The European Court of Human Rights has ruled that displaying crucifixes in Italian public schools violates religious and educational freedoms. It has ordered the Italian government to pay a $7390 fine to an Italian mother, Soile Lautsi, who has struggled for eight years to compel her children’s schools
in northern Italy to remove crucifixes from the classrooms.
The Court rejected the government’s disingenuous argument that the crucifix is not a religious totem at all, but instead “a national symbol of culture, history, identity, tolerance, and”—get this—”secularism.”

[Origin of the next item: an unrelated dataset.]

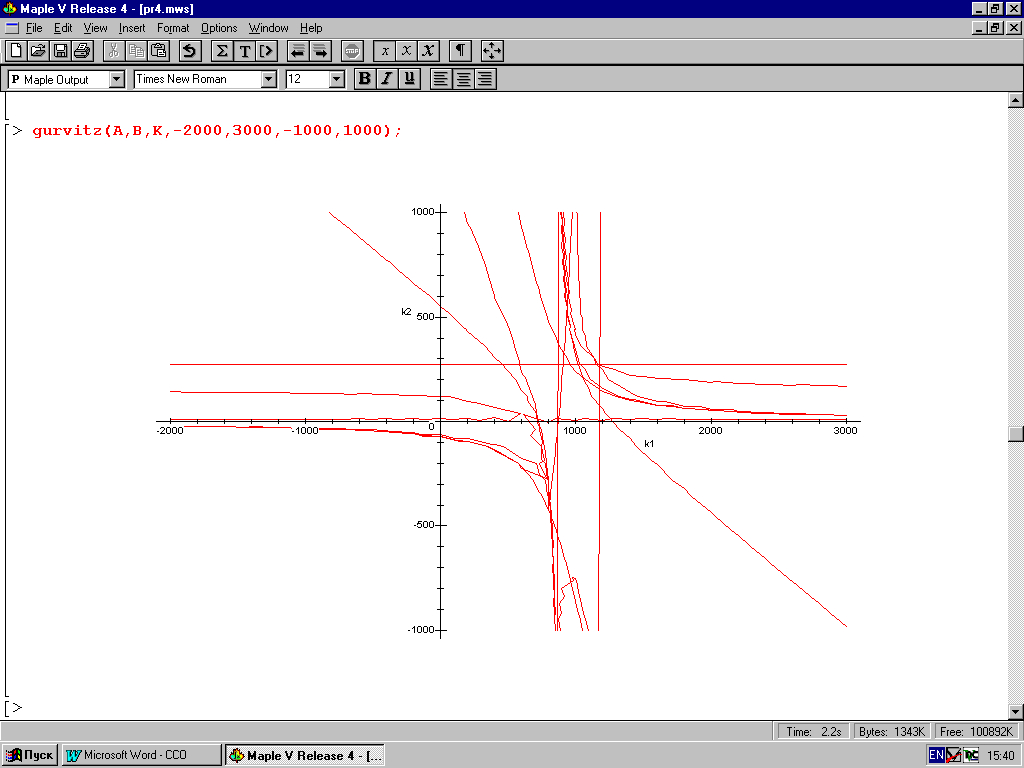Процедура строит особые линии для определения области устойчивости непрерывных систем по критерию Гурвица, описанному в пункте 1.4. При задании матрицы К необходимо два изменяемых параметра обозначить к1 и к2.

Sanely, the Court concluded that secular, state-run schools, where attendance is compulsory, must “observe confessional neutrality in the context of public education,” and that crucifix-clogged classrooms “could easily be interpreted by pupils of all ages as a religious sign and they would feel that they were being educated in a school environment bearing the stamp of a given religion.”
Crucifixes have been compulsory in Italian classrooms since the enactment in the 1920s of two laws under the fascist dictator Benito Mussolini, a personage aided and enabled by the Catholic Church, which for millennia has been the premier peddler of crucifixes.
Lautsi’s husband, Massimo Albertin, said the family was satisfied with the court’s ruling. “We believe the ruling is a positive signal from Europe to Italy, which seems to increasingly lose its secularism,” he said from their home in Albano Terme. “The crucifix creates discrimination.”